On peut y lire que 69 pour cent des répondants appuient les grands principes du projet de loi 100. Chez les jeunes de 18 à 34 ans, l’appui est de 65 pour cent.

De même, 61 pour cent des personnes interrogées veulent régler ce dossier en juin, tandis que 21 pour cent prônent un règlement à l’automne. Également, les trois quarts des répondants demandent au gouvernement d’agir pour réclamer à Uber les arrérages en taxes et impôts.

«Un sondage donne raison au gouvernement, donne raison à l’industrie, a déclaré le porte-parole du CPCDIT, Guy Chevrette, en point de presse avant d’aller en commission parlementaire. Comptez tous ceux qui sont pour (le projet de loi). (Les caquistes) se trouvaient isolés. Tu peux ‘cacasser’ tout seul, mais cela a l’air fou devant l’électorat. Je pense que la CAQ s’est rendue à la raison.»

Uber a indiqué qu’elle allait continuer ses activités illégales pendant les négociations avec le gouvernement, contrairement à son engagement en commission parlementaire, ce qu’a dénoncé M. Chevrette.

«Moi des hypocrites, des menteurs, je n’ai eu jamais confiance en ça.
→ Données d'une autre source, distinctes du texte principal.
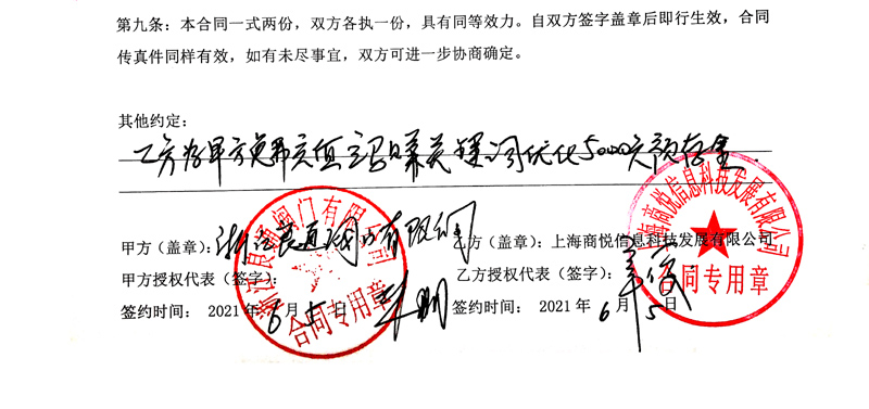 6月5日,商悅傳媒與浙江良通閥門有限公司簽訂營銷型網(wǎng)站建設(shè)合同。

Ils nous ont baisés à plusieurs reprises et ils sont peut-être encore en train de baiser le gouvernement», a-t-il lancé.

Le gouvernement Couillard devrait exiger un engagement signé d’Uber à rembourser tous les arrérages en taxes et impôts avant de signer toute entente sur un projet pilote, a-t-il poursuivi.

Le porte-parole des taxis a dit avoir tenu pour acquis que le gouvernement allait pourtant agir de façon responsable en exigeant la fin des activités d’Uber. Il estime que le gouvernement a été irresponsable en ayant trop attendu pour régler cette crise.

Le sondage en ligne s’est déroulé entre lundi et mercredi. Au total, 1000 questionnaires ont été remplis.

Dans son projet de loi 100, le gouvernement propose d’obliger tous les chauffeurs à avoir un permis de conduire de classe 4C, spécifiquement réservé au taxi, qui nécessitera une vérification de leurs antécédents judiciaires et une formation en service à la clientèle.

Toutes les voitures qui servent à des activités de taxi devront avoir une plaque d’immatriculation désignée comportant la lettre T.

Les chauffeurs d’Uber, qui étaient exemptés d’une portion de la perception des taxes de vente à titre de travailleurs autonomes, devront acquitter les montants de TPS et TVQ relatifs à leurs activités, au même titre que les autres. Actuellement, Québec estime ses pertes annuelles en taxes et impôts à approximativement 20 millions $.

Dans son projet pilote, Uber proposait notamment de payer 100 000 $ à Québec pour exploiter son réseau. La taxe pour chaque course passerait de 10 à 35 cents et un autre sept cents serait alloué à un fonds destiné à la Société de l’assurance automobile du Québec (SAAQ). Au total, la multinationale estime à plus de 3 millions $ par an les sommes qui seraient versées dans les coffres de l’État.

Elle suggérait également un «fonds de transition» pour mieux étudier l’impact de ce type d’entreprise sur l’industrie du taxi. Il serait surtout financé par l’installation de modules d’enregistrement des ventes (MEV) dans les taxis traditionnels pour percevoir la TPS et la TVQ, ainsi qu’une taxe spéciale imposée à tous les joueurs de l’industrie. Pas moins de 75 millions $ seraient ainsi récupérés, selon Uber.